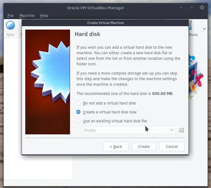 现在,你可以选择虚拟磁盘的大小和位置。500 MB 已经很足够了。需要注意的是很多你之后用到的程序都是基于文本的,这意味着它们占据的空间非常小。在你做好这些调整后,点击 “Create”。
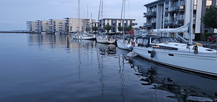 torsdag Vi vågnede ved at Berit og Jens gik hen over båden, det lyder som om de er ved at tage asted. Vi skal lige op og sige farvel.Klokken er otte, nå ja når...
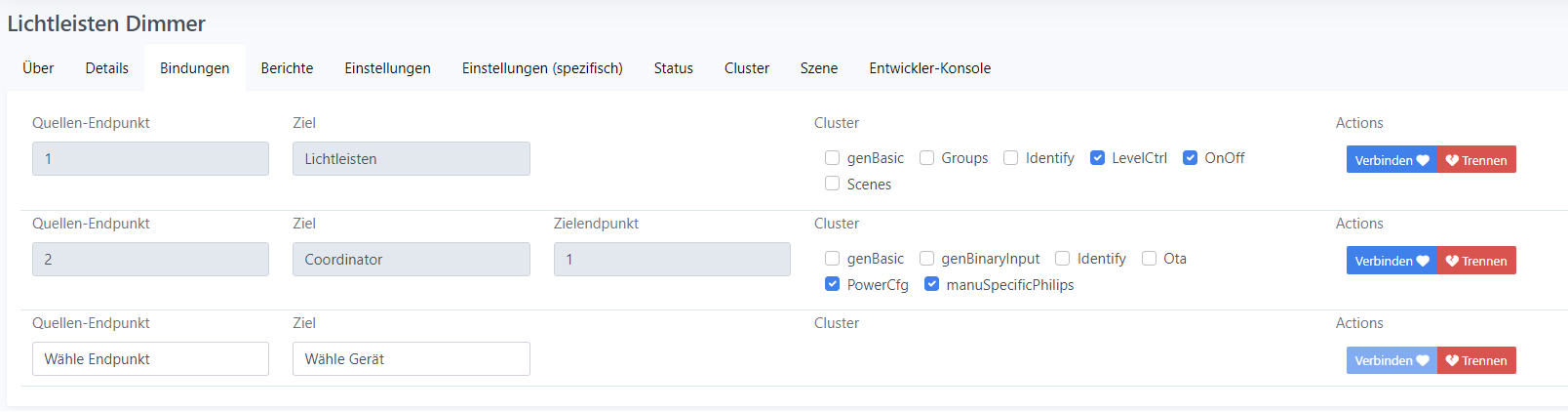 i.d.R. kann man LevelCtrl (dimmen) und OnOff binden.
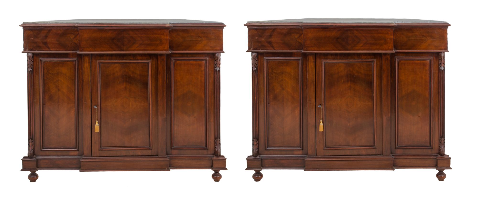 COPPIA ANGOLIERE Luigi Filippo in mogano e impiallacciato in rugatino di mogano, piano in marmo grigio. Sicilia fine '800 Misure: cm 142 x 38 x h 113
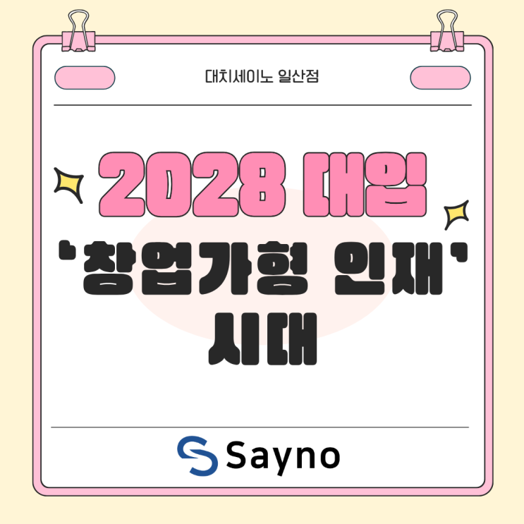 안녕하세요! 대치세이노 일산점입니다. 2028학년도 대입은 단순한 제도 변화가 아닙니다. 대한민국 교육이 어떤 인재를 선발할 것인지에 대한 기준 자체가 바뀌고 있습니다. 이제는 지식을 얼마나 많이 알고 있는지가 아니라, 그 지식을 활용해 실제 문제를 어떻게 해결할 수 있는지가 중요해지고 있습니다. 특히 서울대학교 공과대학의 변화는 이러한 흐름을 가장 잘 보여주는 사례입니다. 이번 글에서는 카드뉴스 6장의 흐름에 맞춰, 2028 대입이 요구하는 ‘창업가형 인재’의 의미를 살펴보겠습니다. 서울대학교 공과대학은 이미 이러한 변화를 실험하고 있습니다. ‘창업가형 공학기술 혁신인재 프로그램’을 통해 학생들은 단순히 공부하는....... <img src="https://blogthumb.pstatic.net/MjAyNjA0MTBfODIg/MDAxNzc1ODAwMzA1NTQ1.QJ9ZJi14tsEbzHD7d6uv8eK6Y0NaizROhK9PxH8MwUgg.IXuzu308mcGJUgulE6IeNps11gKYXL_lzXzw7zB_IZAg.PNG/1.png?type=s3" />
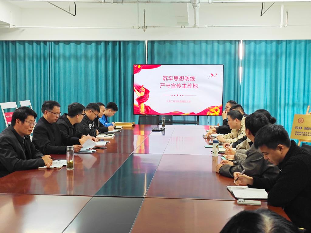 为筑牢网络意识形态安全防线,引导党员干部规范网络行为、严守宣传阵地,11月14日,机电工程学院直属党支部在春申湖校区1801党员活动室组织开展“筑牢思想防线,严守宣传主阵地”主题党日活动。活动由党支部书记柴永兴主持。
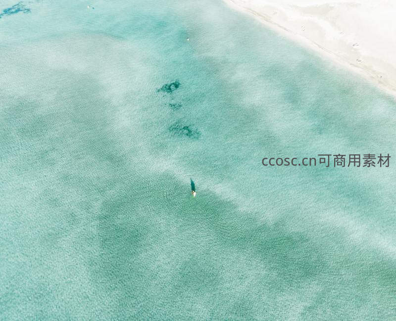 从高空俯瞰,一人独自伫立于浅滩碧水中,四周是无垠的清澈海域与洁白沙滩,画面空灵静谧,传递出远离尘嚣的孤独美感。
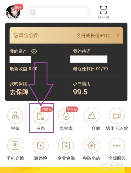 首先你要找到白条的金融端手机APP,进入到APP后,在客服端“我”的页面上我们可以找到“白条”。
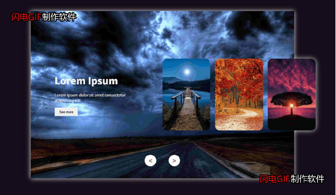 * { margin: 0; padding: 0; box-sizing: border-box;}:root { background-color: #150c1a; overflow: hidden;}.container { width: 1100px; height: 700px; position: absolute; top: 50%; left: 50%; transform: translate(-50%, -50%); padding: 50px; filter: drop-shadow(0 0 10px #dbdbdb);}.slide { width: max-content; display: flex;}.item { background-repeat: no-repeat; width: 200px; height: 300px; background-position: center; background-size: cover; position: absolute; top: 50%; margin-top: -150px; border-radius: 20px; transition: 0.5s;}.item:nth-child(1),.item:nth-child(2) { top: 0; left: 0; width: 100%; height: 100%; margin-top: 0; border-radius: 4px; box-shadow: none;}.item:nth-child(3) { left: 50%;}.item:nth-child(4) { left: calc(50% + 220px);}.item:nth-child(5) { left: calc(50% + 440px);}.item:nth-child(n + 6) { opacity: 0; left: calc(50% + 660px);}.item .content { position: absolute; width: 300px; left: 100px; top: 50%; transform: translateY(-50%); color: #eee; display: none;}.item:nth-child(2) .content { display: block;}.item .name { font-size: 40px; font-weight: 900; opacity: 0; animation: show 1s ease-in-out 1 forwards;}.item .des { margin: 20px 0; opacity: 0; animation: show 1s ease-in-out 0.3s 1 forwards;}.item button { padding: 10px 20px; border: none; opacity: 0; animation: show 1s ease-in-out 0.6s 1 forwards;}.btns { width: 100%; position: absolute; bottom: 50px; margin-left: -50px; display: flex; justify-content: center;}.s-btn { width: 50px; height: 50px; line-height: 50px; text-align: center; color: gray; background-color: #fff; font-size: 25px; border-radius: 50%; margin: 0 25px; cursor: pointer; font-weight: 900; border: 1px solid #555; transition: 0.5s;}.s-btn:hover { background-color: #ccc;}.item1 { background-image: url('./images/1.jpg');}.item2 { background-image: url('./images/2.jpg');}.item3 { background-image: url('./images/3.jpg');}.item4 { background-image: url('./images/4.jpg');}.item5 { background-image: url('./images/5.jpg');}.item6 { background-image: url('./images/6.jpg');}@keyframes show { from { opacity: 0; transform: translateY(100px); filter: blur(10px); } to { opacity: 1; transform: translateY(0); filter: blur(0); }}
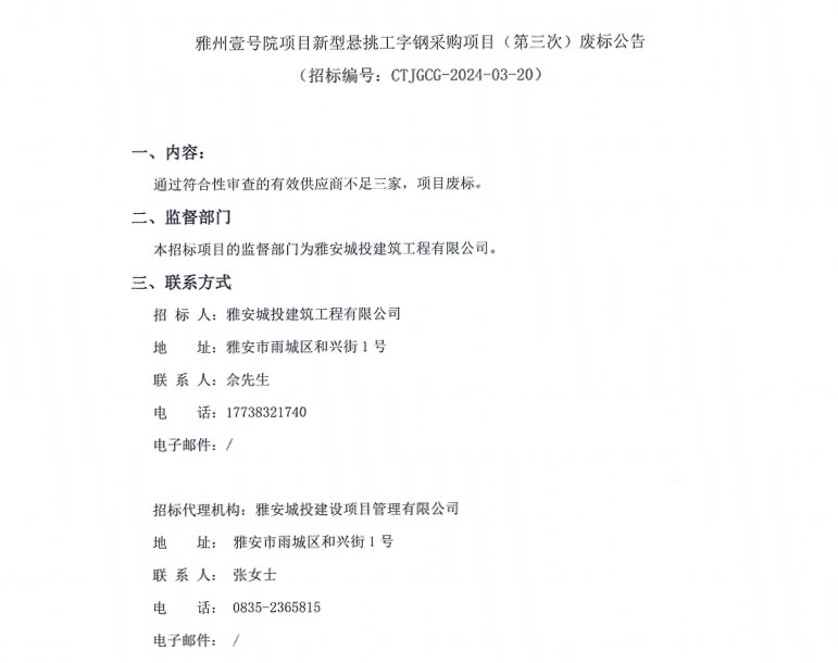雅州壹號院項(xiàng)目新型懸挑工字鋼采購項(xiàng)目(第三次)廢標(biāo)公告

→ **YOUR ASSIGNMENT**:
All that is needed is an exact copy of the lines from the top of the entries through the line containing "首先你要找到白条的金融端手机", pictures left out.

→ **SOLUTION TO THIS EXERCISE**:
 现在,你可以选择虚拟磁盘的大小和位置。500 MB 已经很足够了。需要注意的是很多你之后用到的程序都是基于文本的,这意味着它们占据的空间非常小。在你做好这些调整后,点击 “Create”。
 torsdag Vi vågnede ved at Berit og Jens gik hen over båden, det lyder som om de er ved at tage asted. Vi skal lige op og sige farvel.Klokken er otte, nå ja når...
 i.d.R. kann man LevelCtrl (dimmen) und OnOff binden.
 COPPIA ANGOLIERE Luigi Filippo in mogano e impiallacciato in rugatino di mogano, piano in marmo grigio. Sicilia fine '800 Misure: cm 142 x 38 x h 113
 안녕하세요! 대치세이노 일산점입니다. 2028학년도 대입은 단순한 제도 변화가 아닙니다. 대한민국 교육이 어떤 인재를 선발할 것인지에 대한 기준 자체가 바뀌고 있습니다. 이제는 지식을 얼마나 많이 알고 있는지가 아니라, 그 지식을 활용해 실제 문제를 어떻게 해결할 수 있는지가 중요해지고 있습니다. 특히 서울대학교 공과대학의 변화는 이러한 흐름을 가장 잘 보여주는 사례입니다. 이번 글에서는 카드뉴스 6장의 흐름에 맞춰, 2028 대입이 요구하는 ‘창업가형 인재’의 의미를 살펴보겠습니다. 서울대학교 공과대학은 이미 이러한 변화를 실험하고 있습니다. ‘창업가형 공학기술 혁신인재 프로그램’을 통해 학생들은 단순히 공부하는....... <img src="https://blogthumb.pstatic.net/MjAyNjA0MTBfODIg/MDAxNzc1ODAwMzA1NTQ1.QJ9ZJi14tsEbzHD7d6uv8eK6Y0NaizROhK9PxH8MwUgg.IXuzu308mcGJUgulE6IeNps11gKYXL_lzXzw7zB_IZAg.PNG/1.png?type=s3" />
 为筑牢网络意识形态安全防线,引导党员干部规范网络行为、严守宣传阵地,11月14日,机电工程学院直属党支部在春申湖校区1801党员活动室组织开展“筑牢思想防线,严守宣传主阵地”主题党日活动。活动由党支部书记柴永兴主持。
 从高空俯瞰,一人独自伫立于浅滩碧水中,四周是无垠的清澈海域与洁白沙滩,画面空灵静谧,传递出远离尘嚣的孤独美感。
 首先你要找到白条的金融端手机APP,进入到APP后,在客服端“我”的页面上我们可以找到“白条”。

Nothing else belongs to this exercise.